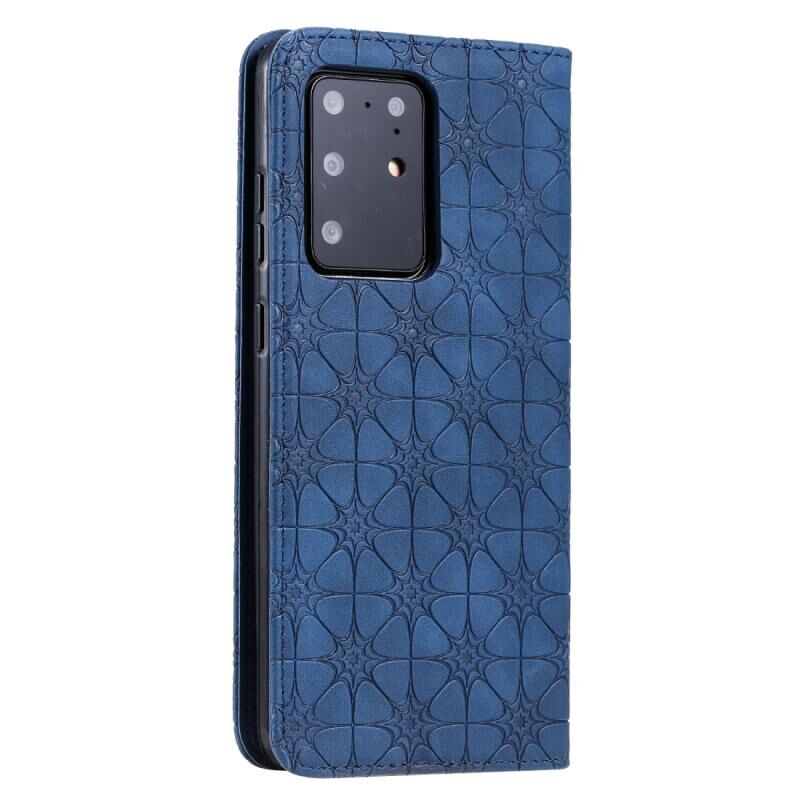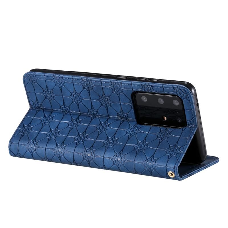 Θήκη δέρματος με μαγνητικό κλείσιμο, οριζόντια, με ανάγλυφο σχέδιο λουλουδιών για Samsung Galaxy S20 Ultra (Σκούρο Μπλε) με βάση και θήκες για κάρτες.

..........

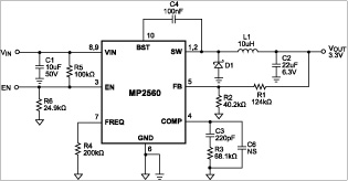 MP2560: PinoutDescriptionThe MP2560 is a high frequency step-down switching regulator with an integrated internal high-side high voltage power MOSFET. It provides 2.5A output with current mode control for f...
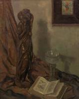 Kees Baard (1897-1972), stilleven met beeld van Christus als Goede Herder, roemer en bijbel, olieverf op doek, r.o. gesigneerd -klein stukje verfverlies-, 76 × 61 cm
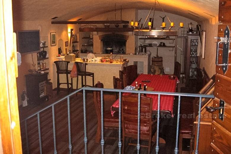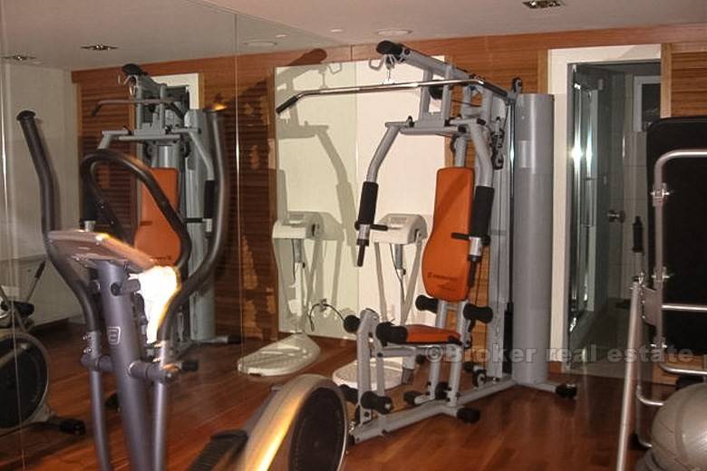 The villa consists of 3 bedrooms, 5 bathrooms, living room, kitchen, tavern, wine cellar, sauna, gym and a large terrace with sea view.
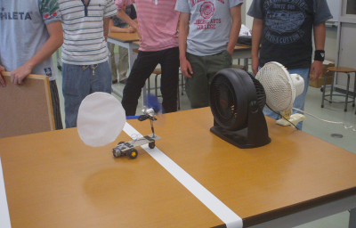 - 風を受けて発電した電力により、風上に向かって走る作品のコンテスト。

..........

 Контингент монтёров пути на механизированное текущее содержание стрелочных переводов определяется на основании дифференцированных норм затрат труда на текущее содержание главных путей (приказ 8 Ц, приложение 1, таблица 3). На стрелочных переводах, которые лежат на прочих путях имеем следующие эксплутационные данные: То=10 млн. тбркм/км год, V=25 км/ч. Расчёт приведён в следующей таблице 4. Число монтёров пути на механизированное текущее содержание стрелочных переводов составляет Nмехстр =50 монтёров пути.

..........

= REQUIREMENT =
Word for word, restate the lines above from the one with "Kees Baard (1897-1972), stilleven" through the one with "- 風を受けて発電した電力により、風上に向かって走る作品のコンテスト。", keeping both ends and dropping the pictures.

= EXERCISE SOLUTION =
 Kees Baard (1897-1972), stilleven met beeld van Christus als Goede Herder, roemer en bijbel, olieverf op doek, r.o. gesigneerd -klein stukje verfverlies-, 76 × 61 cm
 The villa consists of 3 bedrooms, 5 bathrooms, living room, kitchen, tavern, wine cellar, sauna, gym and a large terrace with sea view.
 - 風を受けて発電した電力により、風上に向かって走る作品のコンテスト。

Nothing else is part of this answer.